Voice Conversion¶

★★★★★ Intermediate

Voice conversion (VC) transforms the speaker identity in existing audio while preserving linguistic content, prosody, and timing. Unlike voice cloning (which generates new speech from text), VC works on existing recordings - the input is audio, not text.

Key Facts¶

Voice conversion operates on existing audio: input speech -> output speech with different voice identity
Key distinction from TTS cloning: VC preserves the original timing, intonation, and emotion
RVC (Retrieval-based Voice Conversion) is the dominant open-source approach, based on VITS + retrieval
Real-time VC achievable at <20ms latency on GPU, enabling live voice changing
Singing voice conversion (SVC) is a major application - apply any singer's voice to a recording
VC models typically need 10-30 minutes of target speaker training data

Architecture¶

RVC (Retrieval-based Voice Conversion)¶

RVC pipeline:
  Input audio
    -> Pitch extraction (RMVPE / CREPE / Harvest)
    -> Content encoder (HuBERT / ContentVec) -> content features
    -> FAISS index retrieval -> find similar features from target speaker
    -> Blend retrieved features with encoder output (index_rate: 0.0-1.0)
    -> VITS decoder (conditioned on target speaker embedding)
    -> Pitch-shifted, voice-converted output

Training: 10-30 min of target speaker audio, ~20 min on GPU
Inference: real-time capable on modern GPU

SO-VITS-SVC¶

Specialized for singing voice conversion.

SO-VITS-SVC pipeline:
  Input singing audio
    -> Content encoder (ContentVec)
    -> F0 (pitch) extraction and explicit pitch curve
    -> VITS decoder with speaker conditioning
    -> Output: same melody, different voice

Key difference from RVC: explicit pitch modeling makes it
better for singing where pitch accuracy is critical.
Training: 1-4 hours of target singer audio recommended.

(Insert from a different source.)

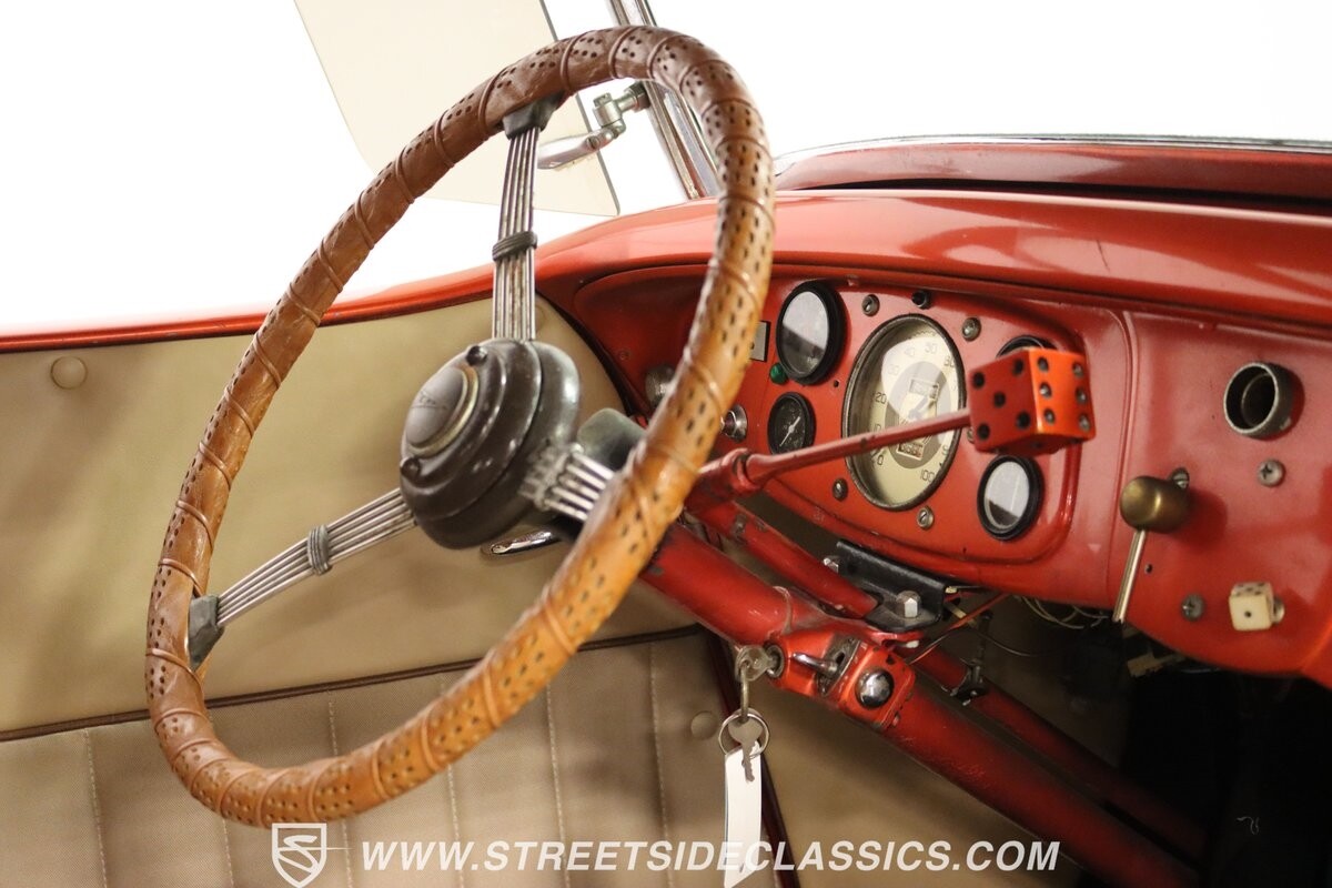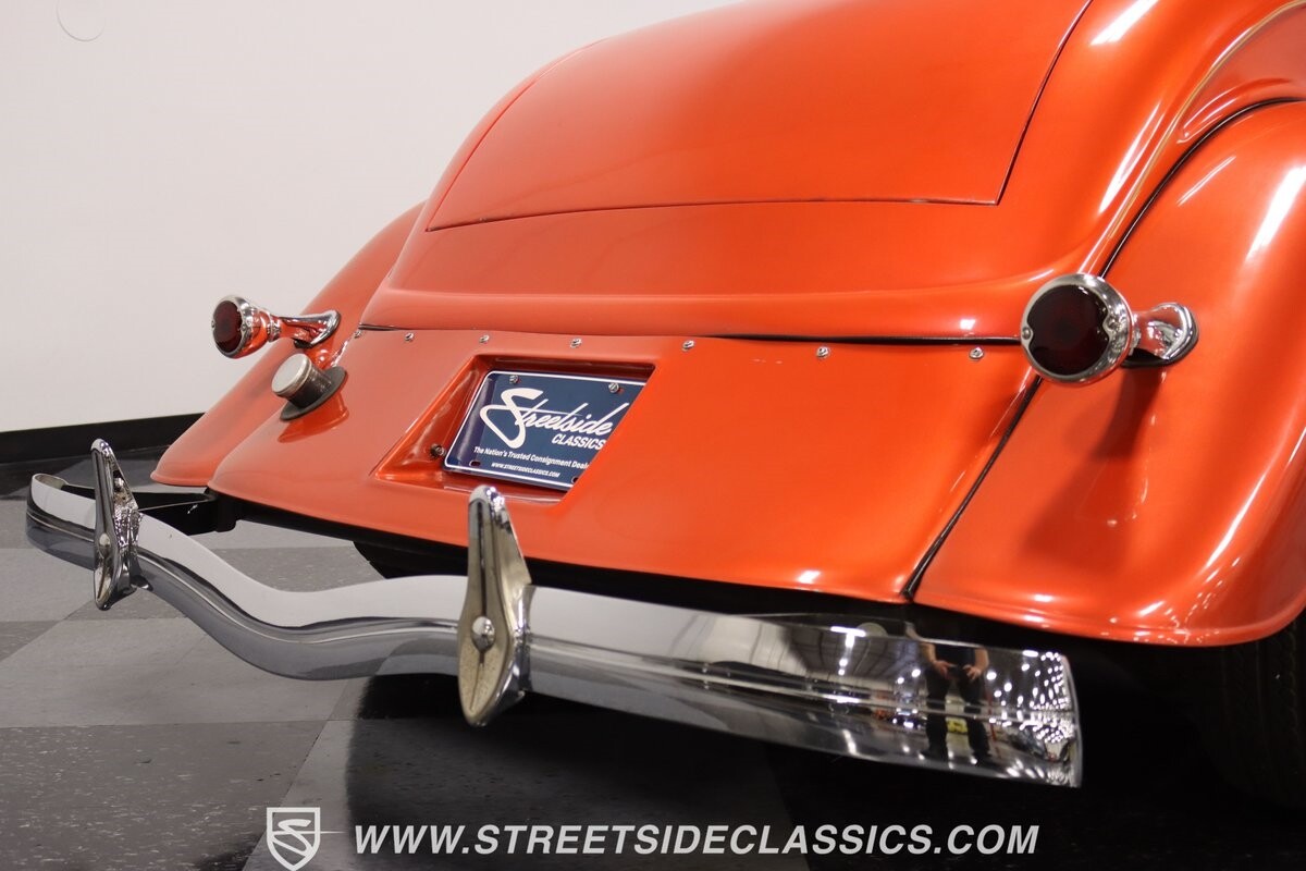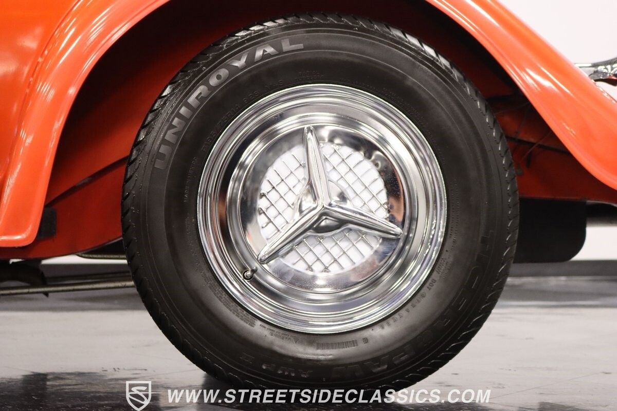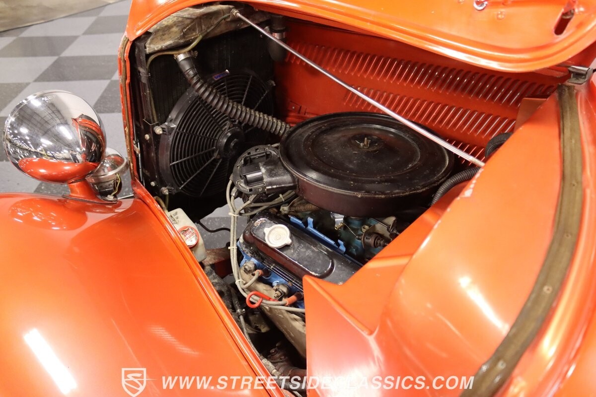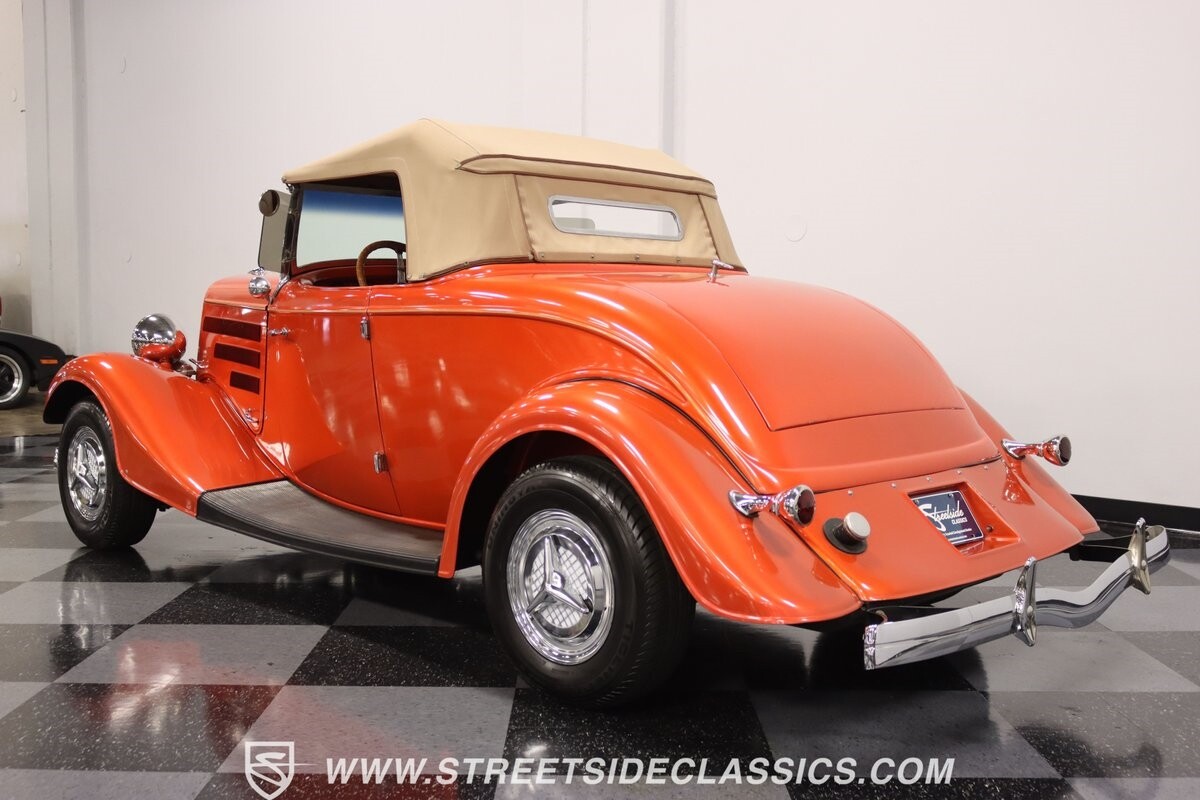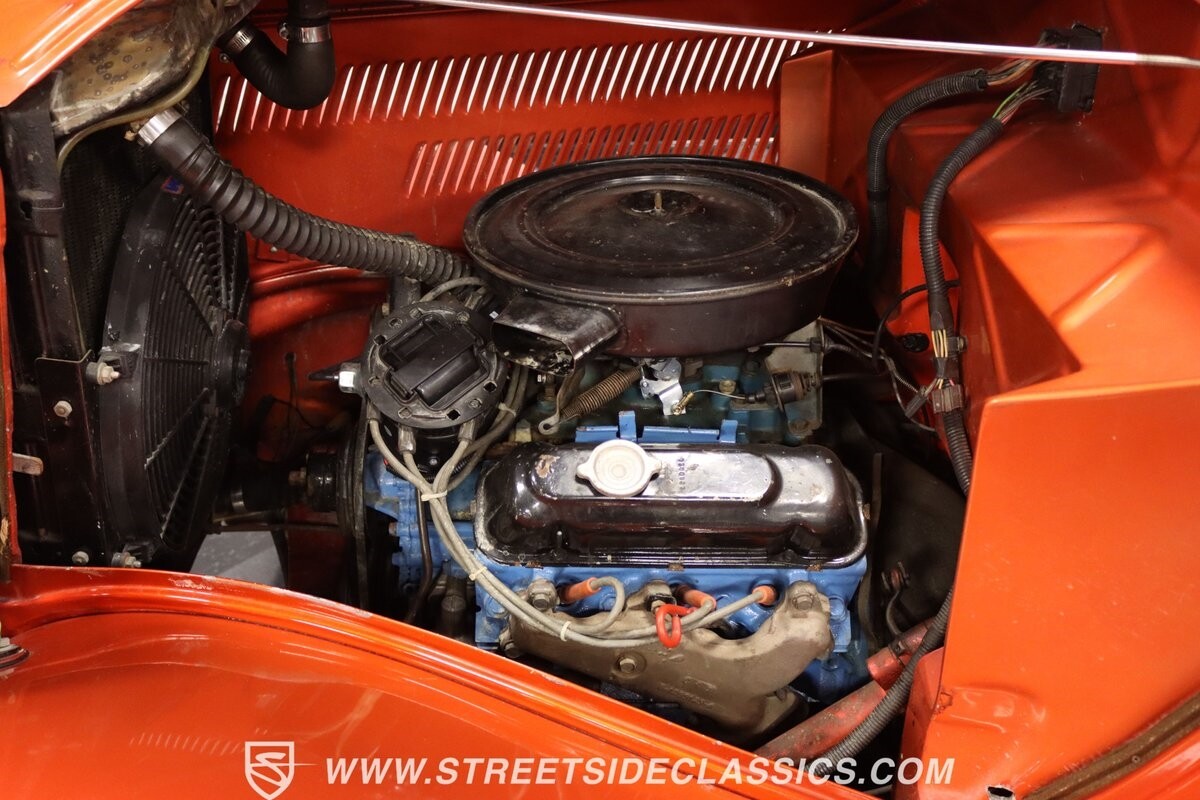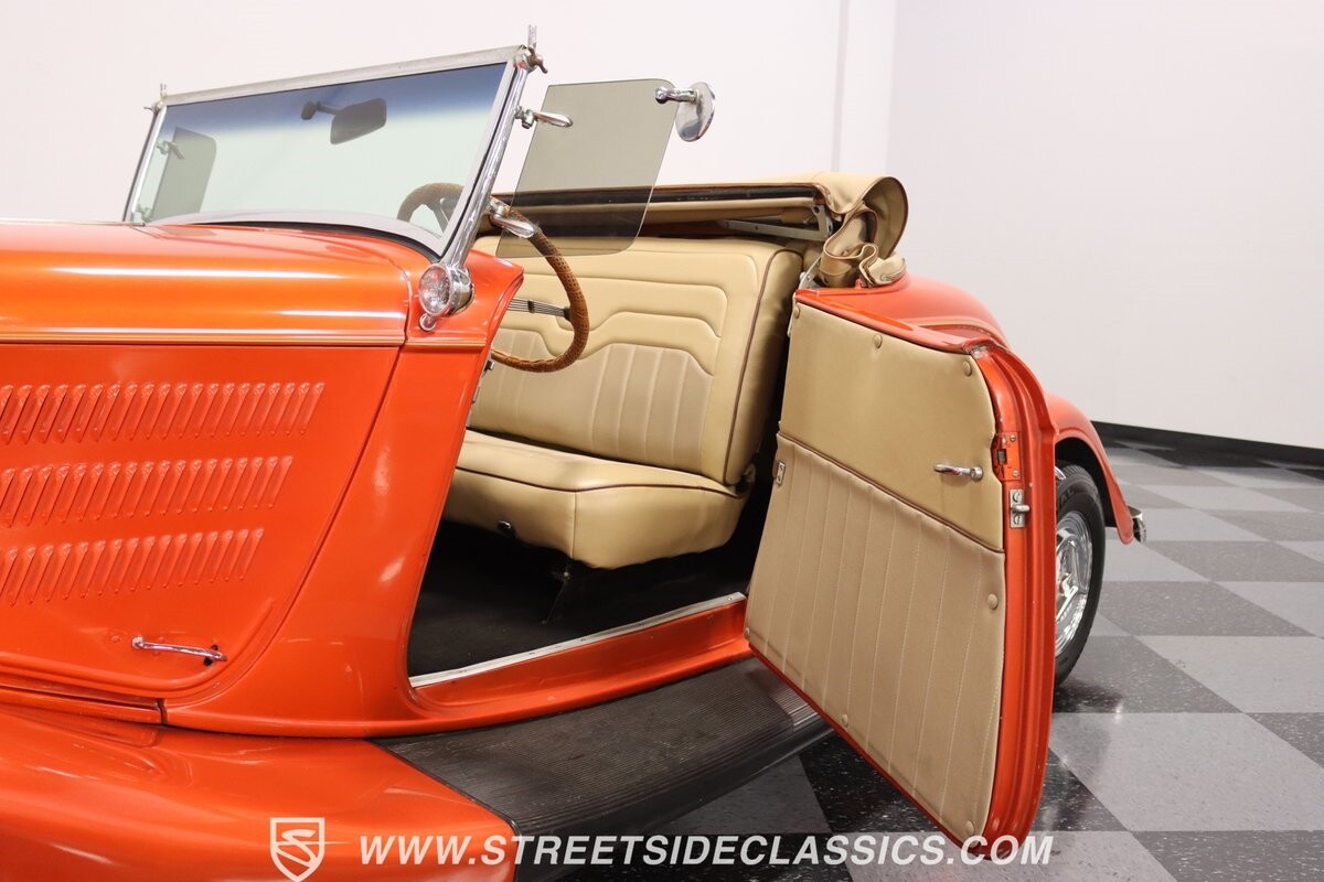 Bathed in a Sunburst Orange that captures the essence of a setting sun over a classic Americana landscape, this 1934 Ford Cabriolet Rumble Seat with its fiberglass body, accented by a genuine steel hood, is a tribute to an era where attention to detail reigned supreme. Enhanced by a tan cloth convertible top that gracefully bows to the car's vibrant exterior. Mounted on 14" wheels, adorned with Fiesta-style wheel covers and wrapped in 195/75R14 tires, ensuring every turn is as smooth as it is eye-catching. The vehicle's distinctive allure is further amplified by a frenched license plate and matching pinstriping, weaving together an aesthetic that's as compelling as it is classic. The addition of rubber mats on the running boards seamlessly blends functionality with finesse, adding another layer to its multifaceted character.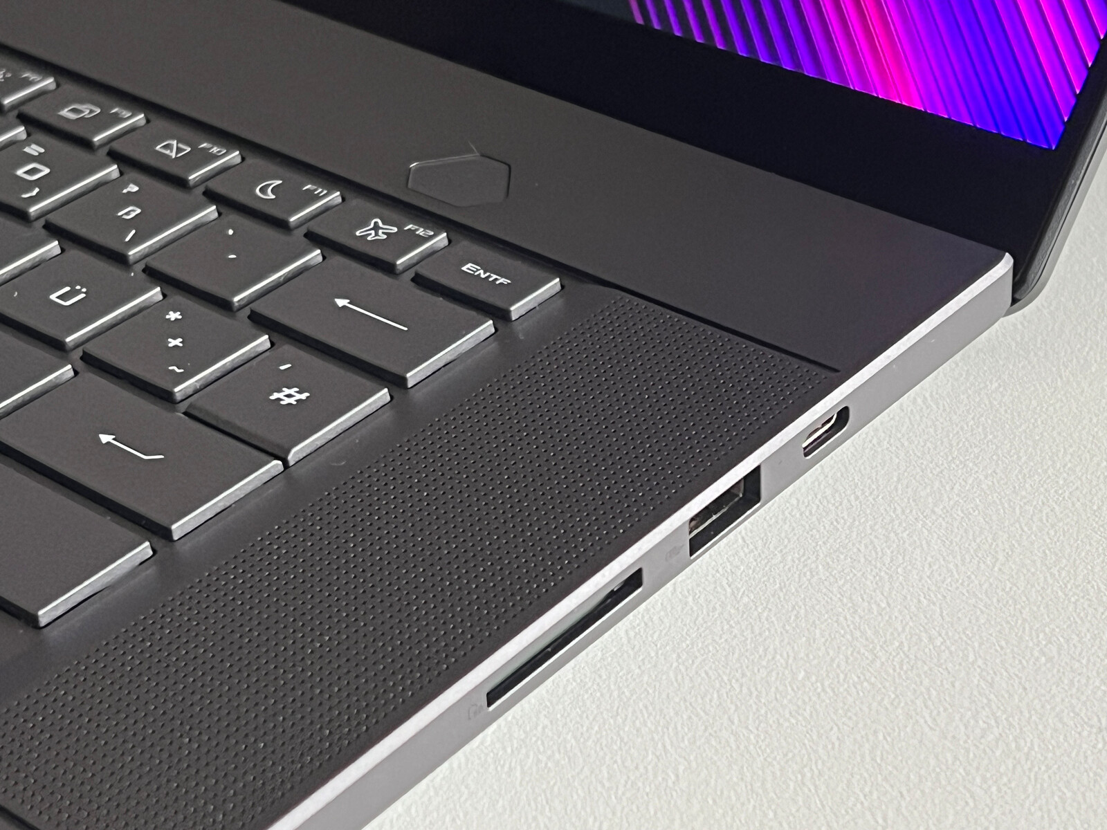 Asus ha renunciado a la extensa pantalla matricial en la tapa del nuevo modelo y, a cambio, incorpora una fina tira diagonal de luz blanca (Slash Lighting) compuesta por 28 mini LED y 7 zonas diferentes. Puede programarse (por ejemplo, como luz de notificación) o, alternativamente, puede desactivarse por completo si no desea llamar demasiado la atención sobre el dispositivo. Aparte del teclado, no hay más elementos iluminados.

Real-Time Voice Conversion¶

Requirements for real-time VC (<50ms latency):
  - GPU: RTX 3060+ for comfortable real-time
  - Buffer size: 128-512 samples (3-11ms at 44.1kHz)
  - Lookahead: minimal (adds latency but improves quality)
  - Model: RVC with ONNX export or TensorRT optimization

Practical latency breakdown:
  Audio capture:     ~5ms (WASAPI/ASIO)
  Feature extraction: ~3ms (HuBERT on GPU)
  Conversion:        ~5ms (VITS decoder on GPU)
  Audio output:      ~5ms (WASAPI/ASIO)
  Total:             ~18ms (imperceptible)

Streaming Pipeline¶

# Conceptual real-time VC pipeline
import sounddevice as sd
import numpy as np

BLOCK_SIZE = 512  # ~11ms at 44.1kHz
SAMPLE_RATE = 44100

def callback(indata, outdata, frames, time, status):
    # indata: captured microphone audio
    audio_chunk = indata[:, 0]

    # Extract content features (HuBERT)
    features = content_encoder(audio_chunk)

    # Extract pitch (RMVPE)
    f0 = pitch_extractor(audio_chunk)

    # Convert voice identity
    converted = vits_decoder(features, f0, target_speaker_embedding)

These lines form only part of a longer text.